I don’t know many people who like poetry, though I do know a good number of people who read. Poetry remains rarefied and uninviting—or is the better word unappealing?—which is why I suspect National Poetry Month consistently passes uncelebrated and unacknowledged in the lives of most Americans. Poetry is the country music to those who might otherwise fancy themselves readers of everything, the form of writing almost all otherwise enthusiastic readers (of fiction and history and short stories and essays…) are excused for eschewing.
That isn’t to say people hate poetry. On the contrary, those who don’t read it often look upon the genre with benevolence, maybe even fond indulgence. When someone finds out I went to grad school to study poetry, they are almost inevitably charmed, if only with my precocious embrace of un-employability. What a cute, quaint, harmless pastime, their smiles imply, like I actually got a Masters in Floral Management.

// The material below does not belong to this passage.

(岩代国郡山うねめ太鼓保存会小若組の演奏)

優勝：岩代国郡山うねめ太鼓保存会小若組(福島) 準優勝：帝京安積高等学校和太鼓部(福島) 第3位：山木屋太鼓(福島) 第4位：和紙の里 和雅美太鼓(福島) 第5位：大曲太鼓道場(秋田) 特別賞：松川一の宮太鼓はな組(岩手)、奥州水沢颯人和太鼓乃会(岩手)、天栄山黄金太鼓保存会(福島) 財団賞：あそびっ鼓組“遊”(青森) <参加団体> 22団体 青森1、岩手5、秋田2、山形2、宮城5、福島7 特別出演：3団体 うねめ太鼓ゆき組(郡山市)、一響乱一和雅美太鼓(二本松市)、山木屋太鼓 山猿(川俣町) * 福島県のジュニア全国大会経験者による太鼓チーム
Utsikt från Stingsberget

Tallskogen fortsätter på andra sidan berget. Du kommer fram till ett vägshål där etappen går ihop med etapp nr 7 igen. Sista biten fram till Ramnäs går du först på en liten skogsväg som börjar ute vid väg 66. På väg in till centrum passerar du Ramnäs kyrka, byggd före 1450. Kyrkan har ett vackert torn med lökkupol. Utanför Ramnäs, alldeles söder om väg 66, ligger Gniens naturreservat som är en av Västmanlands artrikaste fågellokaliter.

Though it’s arguably the most persistent, adaptable, iconoclastic form of art, poetry has more unpleasant stereotypes to buck than any other. It’s been a few years since I was in grade school, but I remember the poetry taught then as written almost exclusively by long-dead British men and a handful of more recently dead white American men. Oh, and Emily Dickinson.

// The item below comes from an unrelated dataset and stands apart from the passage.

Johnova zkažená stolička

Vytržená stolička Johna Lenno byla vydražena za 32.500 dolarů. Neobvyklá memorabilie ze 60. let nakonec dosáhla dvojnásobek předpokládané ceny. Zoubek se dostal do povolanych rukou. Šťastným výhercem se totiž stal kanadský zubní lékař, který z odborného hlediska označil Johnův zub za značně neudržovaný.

Those poets rhymed and used strict meter, which sounded silly and childish to me, and they concerned themselves with being clever, somber, or impenetrable on topics such as fleas, fences, and birds. Even if they were sometimes fun—“The Raven” is fun!—they didn’t move me. They didn’t feel vital or connected to life, and so I learned that poems were either trifles you could forget as soon as you left class, or boring, old codes you were saddled with cracking to pass a class.